▶ _Data segment_:
○ ○ ○ ○ ○ ○ ○
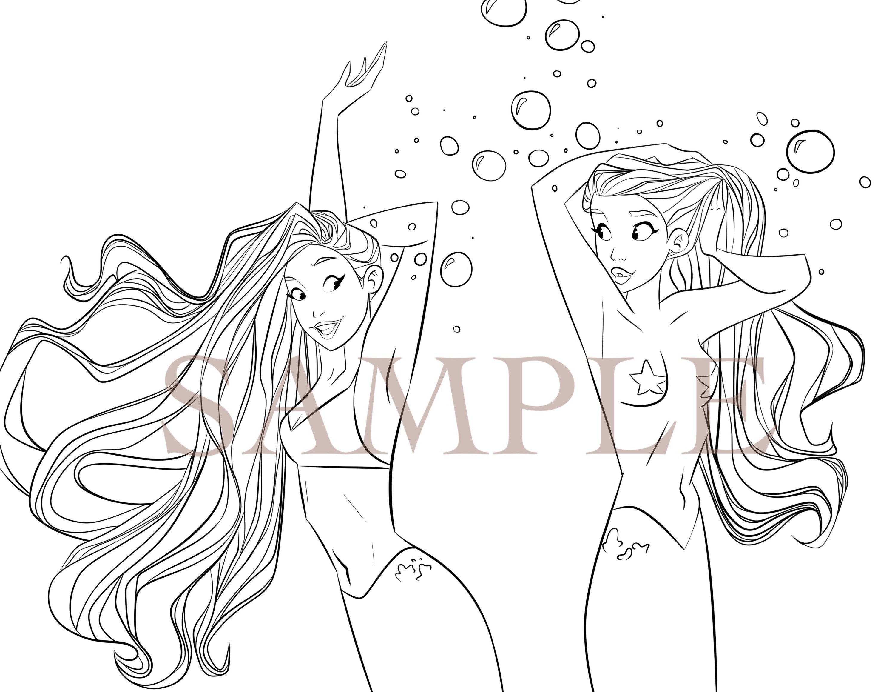 Mermaid Coloring Pages 12 Printable Mermaid Coloring Pages Etsy
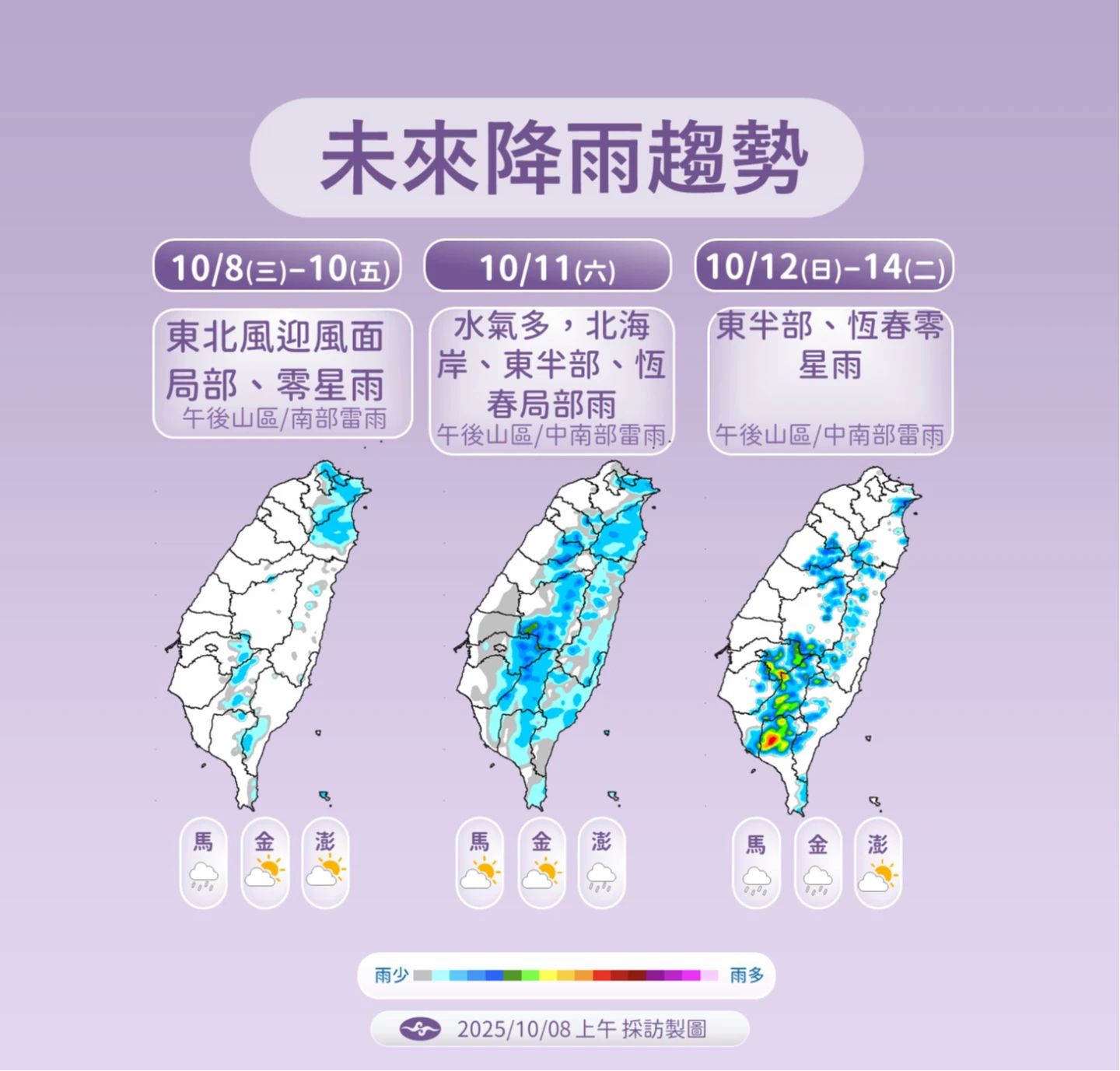 國慶日(10日)東北季風減弱,北海岸、東半部及恆春半島仍有局部短暫陣雨,西半部與離島多雲到晴,午後苗栗以南山區及南部地區有局部雷陣雨。
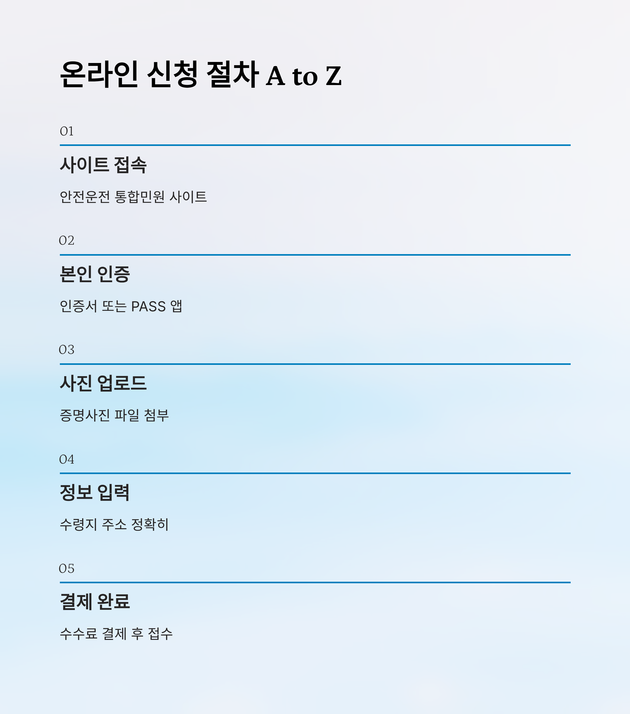 온라인 신청은 도로교통공단 안전운전 통합민원 사이트 또는 모바일 앱에서 가능해요. PC와 스마트폰 모두 지원하며, 인증서만 있으면 본인 확인도 아주 간단하게 끝나요.
○ ○ ○ ○ ○ ○ ○
▶ _Exercise description_: Output all of the data exactly as it stands, minus any images.

▶ _Output for this exercise_:
 Mermaid Coloring Pages 12 Printable Mermaid Coloring Pages Etsy
 國慶日(10日)東北季風減弱,北海岸、東半部及恆春半島仍有局部短暫陣雨,西半部與離島多雲到晴,午後苗栗以南山區及南部地區有局部雷陣雨。
 온라인 신청은 도로교통공단 안전운전 통합민원 사이트 또는 모바일 앱에서 가능해요. PC와 스마트폰 모두 지원하며, 인증서만 있으면 본인 확인도 아주 간단하게 끝나요.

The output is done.